[[ Exercise data open ]]
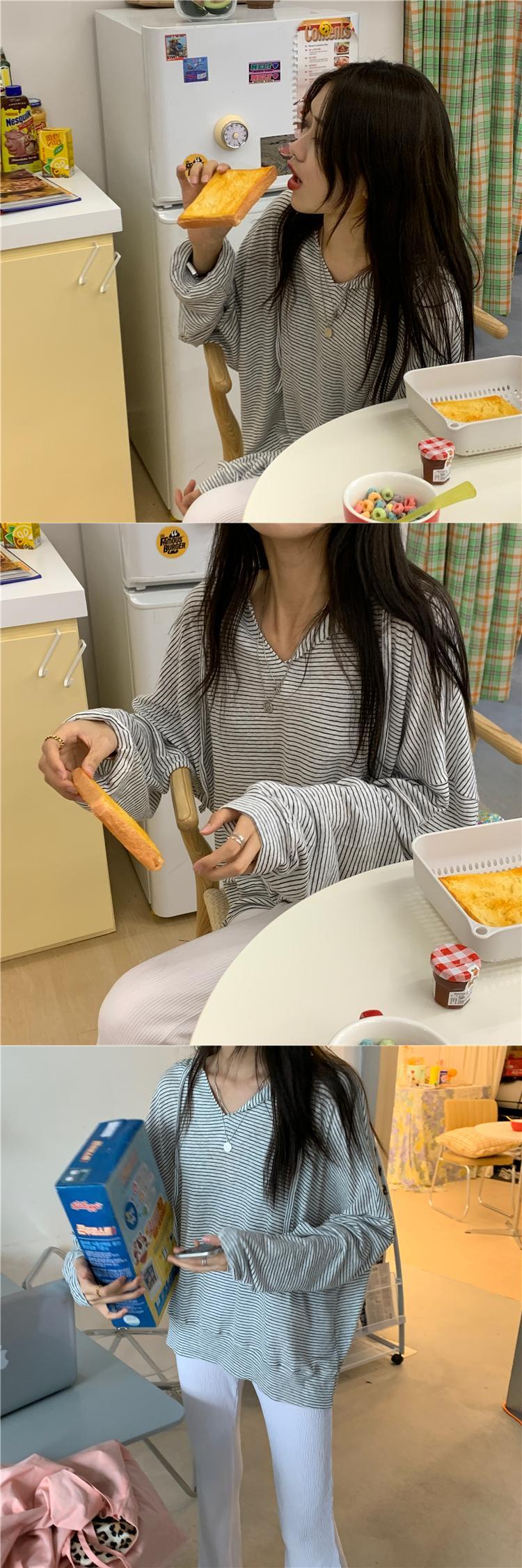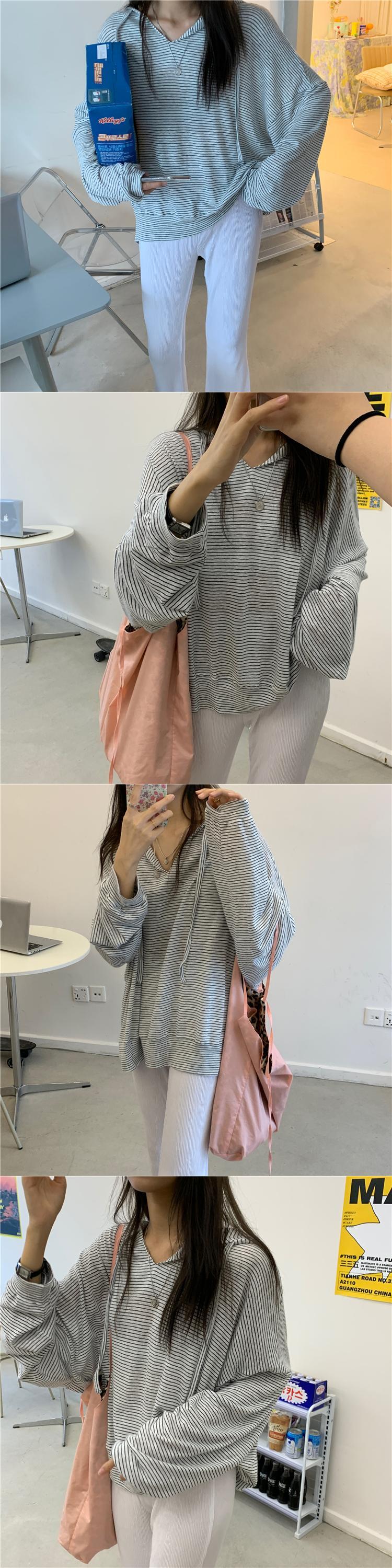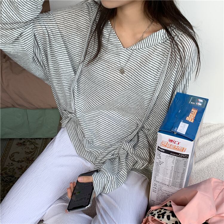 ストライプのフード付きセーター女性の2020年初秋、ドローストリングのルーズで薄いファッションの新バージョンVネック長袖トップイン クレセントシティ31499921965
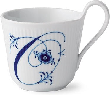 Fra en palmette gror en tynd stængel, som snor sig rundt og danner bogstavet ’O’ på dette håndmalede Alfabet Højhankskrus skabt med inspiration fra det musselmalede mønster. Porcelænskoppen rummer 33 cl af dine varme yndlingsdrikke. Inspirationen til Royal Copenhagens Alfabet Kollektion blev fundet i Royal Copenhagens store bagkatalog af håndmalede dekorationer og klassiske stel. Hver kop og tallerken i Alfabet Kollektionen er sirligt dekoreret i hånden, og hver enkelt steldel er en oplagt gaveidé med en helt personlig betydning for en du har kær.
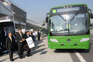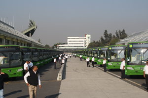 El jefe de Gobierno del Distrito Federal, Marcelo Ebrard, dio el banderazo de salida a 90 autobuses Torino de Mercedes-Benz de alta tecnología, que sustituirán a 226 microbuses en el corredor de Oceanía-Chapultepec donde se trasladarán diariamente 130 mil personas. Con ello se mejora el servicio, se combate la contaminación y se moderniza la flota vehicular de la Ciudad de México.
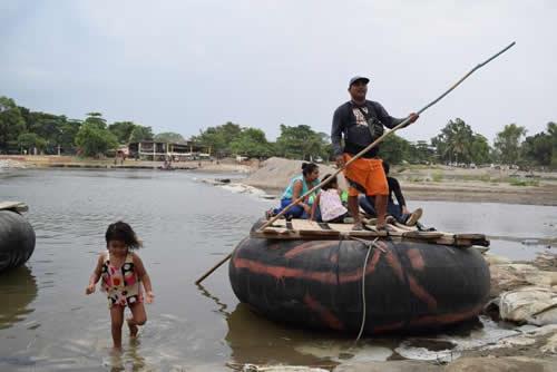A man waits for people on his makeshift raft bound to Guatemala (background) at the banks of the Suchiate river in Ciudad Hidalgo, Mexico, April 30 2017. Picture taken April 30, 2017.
[[ Exercise data closed ]]
What is expected:
For this exercise, return the material word for word and drop each image.

Answer box:
 ストライプのフード付きセーター女性の2020年初秋、ドローストリングのルーズで薄いファッションの新バージョンVネック長袖トップイン クレセントシティ31499921965
 Fra en palmette gror en tynd stængel, som snor sig rundt og danner bogstavet ’O’ på dette håndmalede Alfabet Højhankskrus skabt med inspiration fra det musselmalede mønster. Porcelænskoppen rummer 33 cl af dine varme yndlingsdrikke. Inspirationen til Royal Copenhagens Alfabet Kollektion blev fundet i Royal Copenhagens store bagkatalog af håndmalede dekorationer og klassiske stel. Hver kop og tallerken i Alfabet Kollektionen er sirligt dekoreret i hånden, og hver enkelt steldel er en oplagt gaveidé med en helt personlig betydning for en du har kær.
 El jefe de Gobierno del Distrito Federal, Marcelo Ebrard, dio el banderazo de salida a 90 autobuses Torino de Mercedes-Benz de alta tecnología, que sustituirán a 226 microbuses en el corredor de Oceanía-Chapultepec donde se trasladarán diariamente 130 mil personas. Con ello se mejora el servicio, se combate la contaminación y se moderniza la flota vehicular de la Ciudad de México.
A man waits for people on his makeshift raft bound to Guatemala (background) at the banks of the Suchiate river in Ciudad Hidalgo, Mexico, April 30 2017. Picture taken April 30, 2017.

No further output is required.